The Right Rev. William Herzog, the retired Episcopal Bishop of Albany, was received into the Roman Catholic Church (as a layman I believe) soon after his retirement last year.

Again, whether or not a change from Anglicanism to Catholicism counts as a “conversion” is debatable. I don’t really think it does.

The Anglicans have an interest in claiming doctrinal continuity with the church in England prior to Henry VIII. But regardless, I don’t thnk it’s really possible to say that the position that Cramner set forth in his 42 Articles wasn’t doctrinally different than the Catholic position on the same topic, or wasn’t influenced by Lutheran theology. It may have continued to rely on the three basic Creeds, but the practices and beliefs of the Church of England at that time were still significantly different than those of the Catholic Church in, say, France or Itally, and also significantly different than those of the English Church 100 years before, for instance.

Saul the Pharisaic Jew becoming Paul the Christian.

Regards,
Shodan

You can argue this at whatever length you like. The point is that on day X Cranmer was Archbishop of Canterbury, Primate of England, the chief leader of the Church of England in communion with the Pope, and on day Y Cranmer was Archbishop of Canterbury, Primate of England, the chief leader of the Church of England, which by the Act of Supremacy was no longer in communion with the Pope.

Typically, a “conversion” consists in somebody quitting some group, going somewhere else and joining them. It does not consist in keeping the same ecclesiastical job in ministry to the same people while other people get into arguments.

By the way, Skammer, Bp. Herzog’s given name is Daniel. He was for several years prior to his election as Bishop rector of Christ Church, Morristown, and a personal friend of my wife and me. I haven’t talked to him in years, however.

No mention of the “conversion” of the Emperor Constantine in the 4th c. CE? Wasn’t Constantine as Emperor the official head of the Roman pagan religion in some way?

I know it’s debatable what Constantine’s personal views were on pagan religion even before his “conversion”, but I think this might fit the OP’s criteria.

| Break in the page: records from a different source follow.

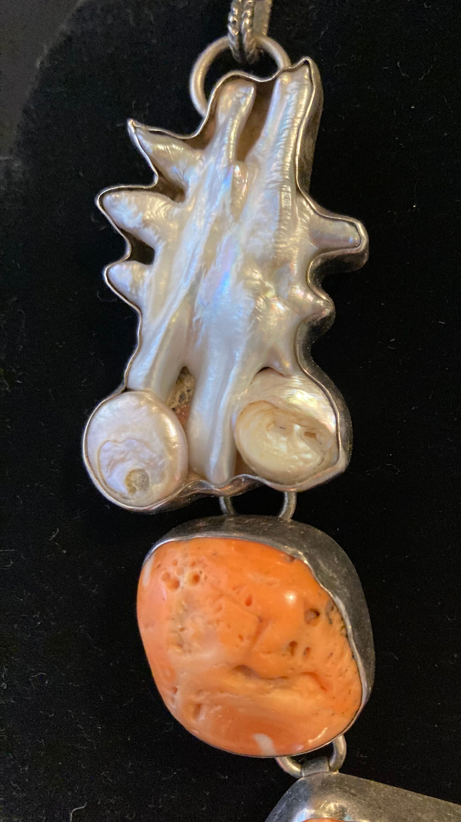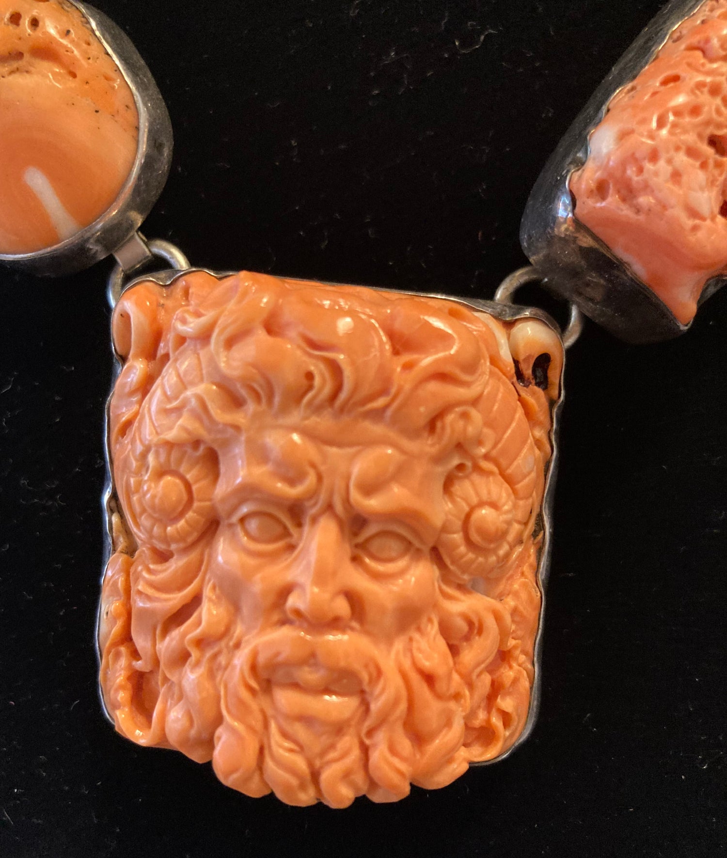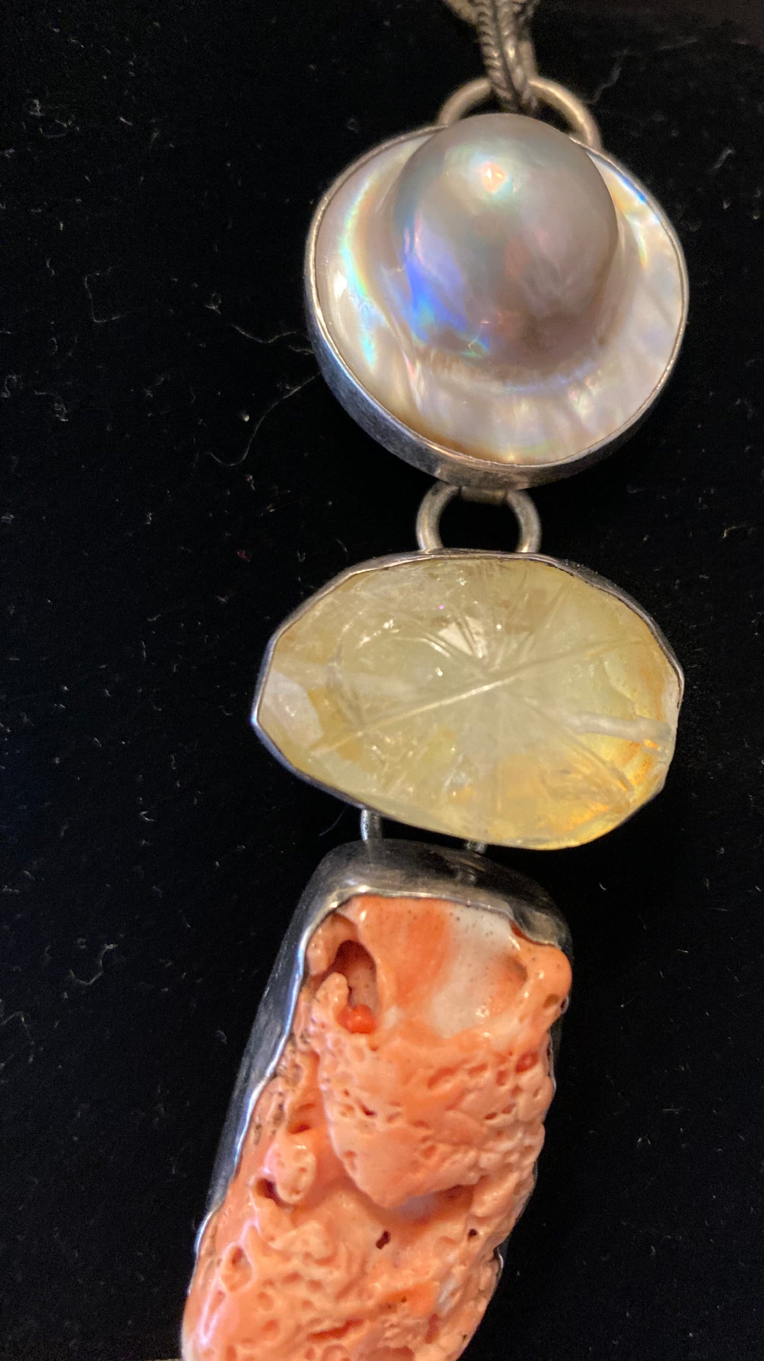 Fabulous! Carved "Zeus" Yemen Coral, Carved Citrine, Biwa Pearl, Blister Pearl Necklace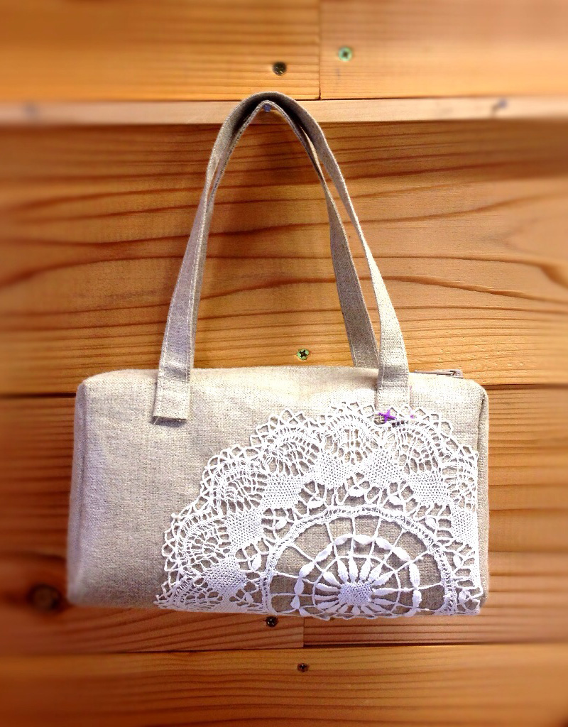 The bag shown in the photo above is made from mangle cloth; German antique linen creates a gentle atmosphere by adding an old doily. The shape of this bag is the same as the mini purse with a drawstring bag we introduce in the craft and sewing column.
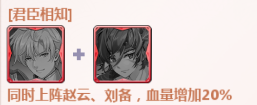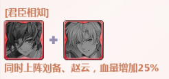 同时上阵刘备、赵云,血量增加25%。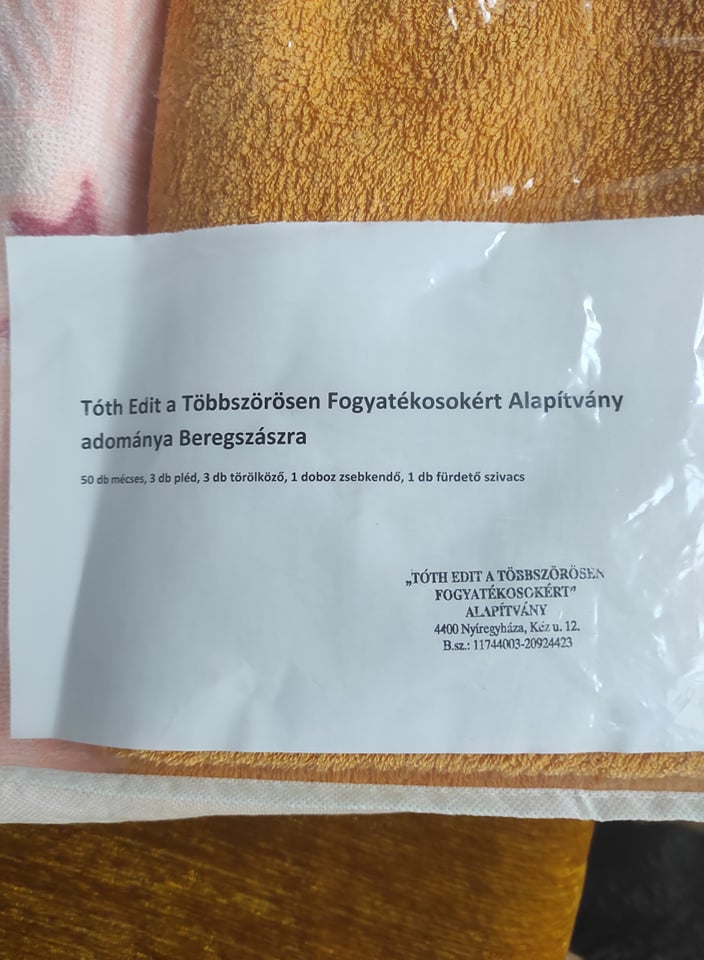 Alapítványunk a Nyírségi Civilház felhívására adománnyal segítette a Beregszászi háborús menekülteket, amit a Nyírségi Civilház összegyűjtött és eljuttatta Beregszászra. Főként takarók, ágyneműk, gyertyák. Alapítványunk értesült, hogy Ukrajnából 9 fő fogyatékkal élő fiatal érkezett. Alapítványunk a Halmozottan Sérültek és Szüleiknek Szabolcs-Szatmár-Bereg Megyei Egyesületével közösen vásárolt számukra szükséges dolgokat. ,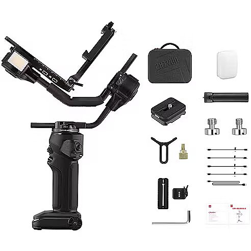 The four 18650 batteries support up to 12 hours of operation time and can be fully charged in less than two hours thanks to USB Power Delivery fast charging. Set includes Zhiyun Crane 4 stabilizer Table tripod (WB2) Carrying case Camera backing base Lens support Double-layer quick release plate Reflector 3/8" screw 3 × 1/4" screw 1/4" wrench Sony USB-C - Multi USB control cable 2 × Canon control cable Panasonic control cable USB-C cable Quick start guide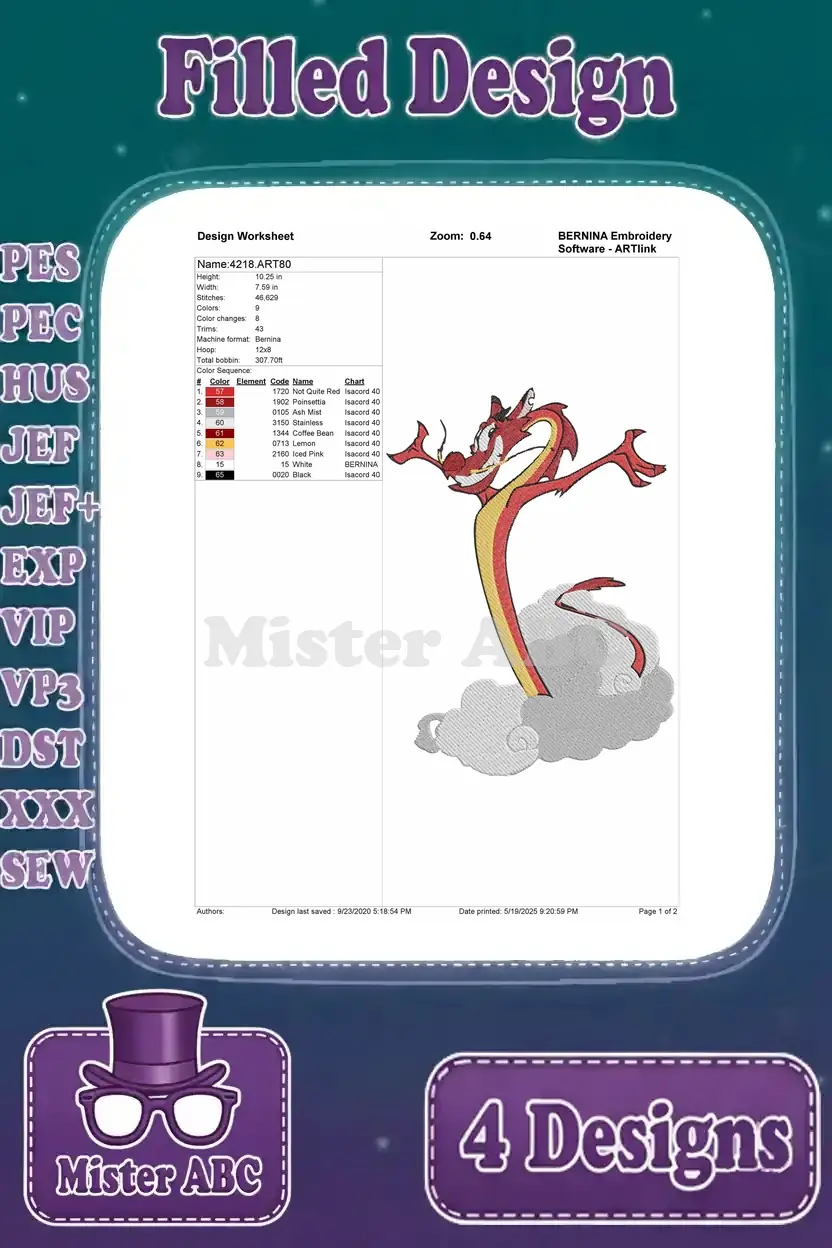 Mulan Mushu Dragon With Lantern On Tree Branch With Drum And On Cloud Flying – Filled Embroidery Design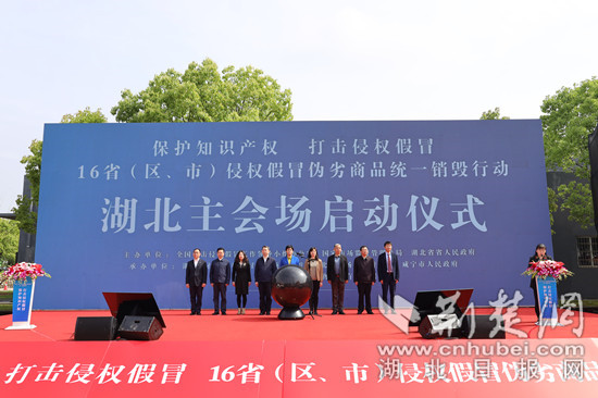 荊楚網(wǎng)(湖北日報網(wǎng))訊(記者張茜 通訊員張永康)4月23日,“保護知識產(chǎn)權 打擊侵權假冒”16省(區(qū)、市)侵權假冒偽劣商品統(tǒng)一銷毀行動在湖北省咸寧市啟動,北京、河北、內蒙古、上海、湖南、廣東、重慶、甘肅等15省(區(qū)、市)設分會場,同步開展銷毀。

Thanks for the correction Poly. I couldn’t remember his first name, so I googled “Bishop Herzog” and the first link was this article in The Living Church, which incorrectly refers to him as William.

I guess it’s relevent to this discussion that the article points out that Bp Herzog is one of four retired Bishops to leave the Episcopal Church this year - the others being Andrew Fairfield of North Dakota (joined the Church of Uganda); William Cox of Oklahoma (Church of the Province of the Southern Cone); and David Bena of Albany (Church of Nigeria). Of course these three are all still Anglican and so are even further from “conversion” than Bishop Herzog’s joining the RCC.

While Paul got in on the ground floor of Christianity and made it big, I don’t think anyone could claim that Saul was a major figure in Judaism.